I should never have put those "dubious" pepperoni on my frozen pizza last night. I do it all the time. I put extra cheese and pork product on there to "beef" it up. Pepperoni, roast beef, ham, etc. Any kind of cheese I have in the fridge. Then, when it's cooked, I slather it with parmesan cheese and hot sauce.
Yumm ...
So anyway, I've been up the last eight hours, expelling liquides from every orifice in my body. I've even shed tears in the worst moments. My body did not like what I put in it last night.
Or should I say, earlier this night?
Don't worry, it's not real bad ... I'm just concerned about the dehydration. My cramps are minor; just enough to keep me awake and piss me off that I still ate that pepperoni even though some of them were discolored.
"I swear, your Honor, I picked all the putrid ones out and only ate the ones that still resembled the right color."

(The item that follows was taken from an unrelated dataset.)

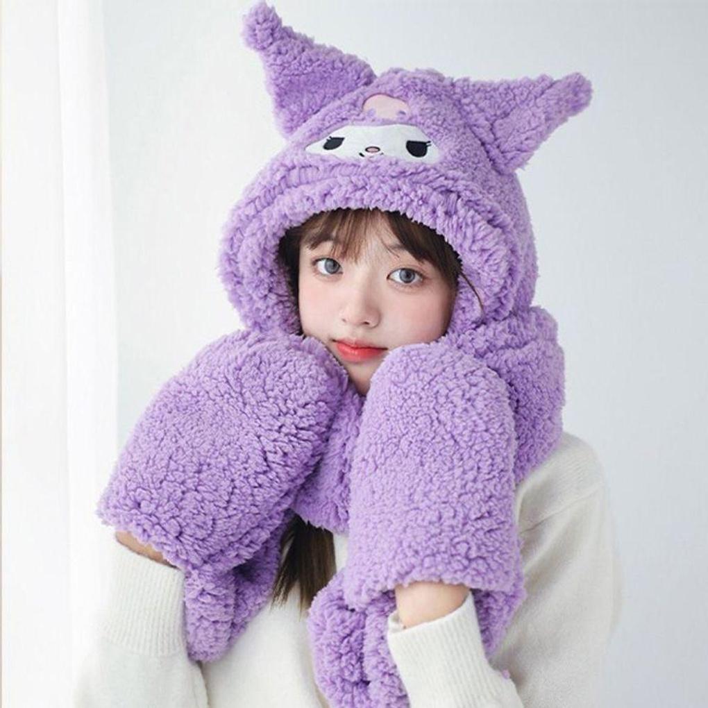 Kuromi Poguri Kapuzenschal Handschuhe Set 1P Winter
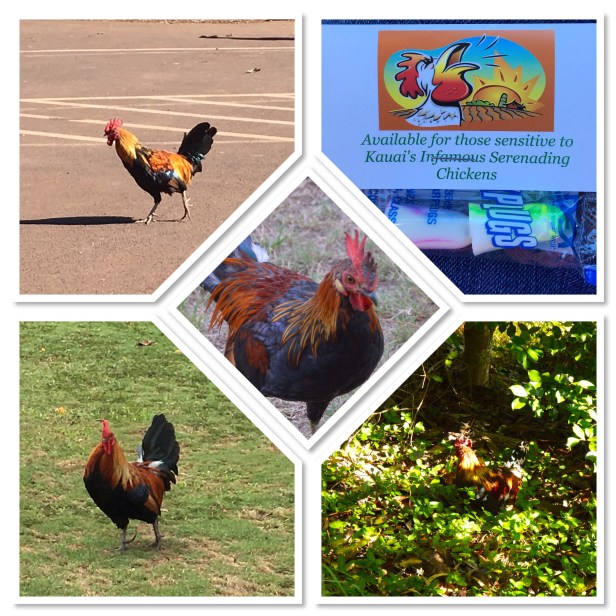 I’ve dubbed this little bugger (and that’s really not what I was calling him) “Karma.” Remember what I said about yesterday and the son of a guns crowing and waking Bob up? Ha Ha Ha. Guess who heard him this morning? And it’s not just one. Oh noooooo. They crow back and forth at each other having a bloody conversation! It’s a whole damn convention of roosters everywhere you go! Bob calls them Hawaii’s squirrels. We have squirrels everywhere. Hawaii has chickens everywhere. I’ll take the squirrels, they’re much quieter. About now I’m really feeling some chicken soup, chicken pot pie, fried chicken, chicken casserole … etc. You get my drift. Bob even wants a Kaua’i shirt with a chicken on it. Can you believe that crap? My husband wants to wear a bloody rooster! He saw a guy with a rooster on his shirt and has been on the hunt ever since. I never would’ve thought. On to the real journaling …

Lessons learned the hard way.
My insurance will probably deny my claim saying that my "predeliction towards pepperoni and other pork products constitutes a preexisting condition." I shall never give up my bacon, though. Never!!
Let this be a learning experience for you all. If you have the question whether or not the food is good or bad, you've already answered the question.
All it takes is one miss and you'll pay the Piper for all the times you came out lucky.